Proof of Theorem reuxfr1dd

Step	Hyp	Ref	Expression
1		reuxfr1dd.2	. . . . . 6 ⊢ ((𝜑 ∧ 𝑥 ∈ 𝐵) → ∃!𝑦 ∈ 𝐶 𝑥 = 𝐴)
2		reurex 3392	. . . . . 6 ⊢ (∃!𝑦 ∈ 𝐶 𝑥 = 𝐴 → ∃𝑦 ∈ 𝐶 𝑥 = 𝐴)
3	1, 2	syl 17	. . . . 5 ⊢ ((𝜑 ∧ 𝑥 ∈ 𝐵) → ∃𝑦 ∈ 𝐶 𝑥 = 𝐴)
4	3	biantrurd 532	. . . 4 ⊢ ((𝜑 ∧ 𝑥 ∈ 𝐵) → (𝜓 ↔ (∃𝑦 ∈ 𝐶 𝑥 = 𝐴 ∧ 𝜓)))
5		r19.41v 3195	. . . . . 6 ⊢ (∃𝑦 ∈ 𝐶 (𝑥 = 𝐴 ∧ 𝜓) ↔ (∃𝑦 ∈ 𝐶 𝑥 = 𝐴 ∧ 𝜓))

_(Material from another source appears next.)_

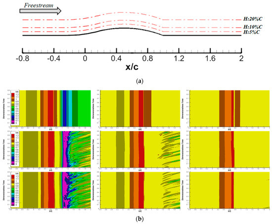 The results from Case2 to 4 exhibited transient characteristics. Monitoring areas were set up at 5%, 10%, and 20% of chord height positions on the surface of the hump in section to monitor the changes in Mach number over time in the range from −0.8 to 2.0. Figure 11a shows the monitor position and Figure 11b shows the contour of Mach number of Case2 to Case4. It can be seen that, in the wake region at the 5% C monitoring position, the Mach number of Case2 fluctuated less with time, while both Case3 and Case4 exhibited strong unsteady fluctuations. At the 10%C monitoring location, Case2 showed no significant fluctuations over time, while the fluctuations in the wake regions of Case3 and Case4 decreased. Near the 20%C, the Mach number fluctuations over time for all three cases were not significant. It can be seen that, at least from the 20%C height outward, the entire flow field mainly exhibited steady characteristics. At the monitoring positions of 10%C and 20%C, there was a high Mach number region near 0.8 to 1.0 in Case2, but the region did not appear at the same position in Case3 and Case4. This region was compressed within a very small range near = 0.8, which may be mainly due to the fact that, although the URANS method has transient characteristics, it cannot accurately simulate the fine flow field structure in the wake region. This also indicated that the IDDES method performs well in simulating the temporal and spatial characteristics of the flow field.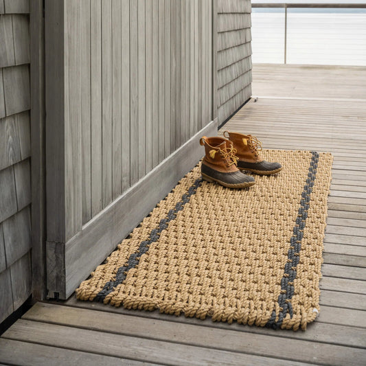 Woven Rope Door Mat | Wheat with Charcoal Stripes

6		reuxfr1dd.3	. . . . . . . . 9 ⊢ ((𝜑 ∧ (𝑦 ∈ 𝐶 ∧ 𝑥 = 𝐴)) → (𝜓 ↔ 𝜒))
7	6	pm5.32da 578	. . . . . . . 8 ⊢ (𝜑 → (((𝑦 ∈ 𝐶 ∧ 𝑥 = 𝐴) ∧ 𝜓) ↔ ((𝑦 ∈ 𝐶 ∧ 𝑥 = 𝐴) ∧ 𝜒)))
8		anass 468	. . . . . . . 8 ⊢ (((𝑦 ∈ 𝐶 ∧ 𝑥 = 𝐴) ∧ 𝜓) ↔ (𝑦 ∈ 𝐶 ∧ (𝑥 = 𝐴 ∧ 𝜓)))
9		anass 468	. . . . . . . 8 ⊢ (((𝑦 ∈ 𝐶 ∧ 𝑥 = 𝐴) ∧ 𝜒) ↔ (𝑦 ∈ 𝐶 ∧ (𝑥 = 𝐴 ∧ 𝜒)))
10	7, 8, 9	3bitr3g 313	. . . . . . 7 ⊢ (𝜑 → ((𝑦 ∈ 𝐶 ∧ (𝑥 = 𝐴 ∧ 𝜓)) ↔ (𝑦 ∈ 𝐶 ∧ (𝑥 = 𝐴 ∧ 𝜒))))
11	10	rexbidv2 3181	. . . . . 6 ⊢ (𝜑 → (∃𝑦 ∈ 𝐶 (𝑥 = 𝐴 ∧ 𝜓) ↔ ∃𝑦 ∈ 𝐶 (𝑥 = 𝐴 ∧ 𝜒)))
12	5, 11	bitr3id 285	. . . . 5 ⊢ (𝜑 → ((∃𝑦 ∈ 𝐶 𝑥 = 𝐴 ∧ 𝜓) ↔ ∃𝑦 ∈ 𝐶 (𝑥 = 𝐴 ∧ 𝜒)))
13	12	adantr 480	. . . 4 ⊢ ((𝜑 ∧ 𝑥 ∈ 𝐵) → ((∃𝑦 ∈ 𝐶 𝑥 = 𝐴 ∧ 𝜓) ↔ ∃𝑦 ∈ 𝐶 (𝑥 = 𝐴 ∧ 𝜒)))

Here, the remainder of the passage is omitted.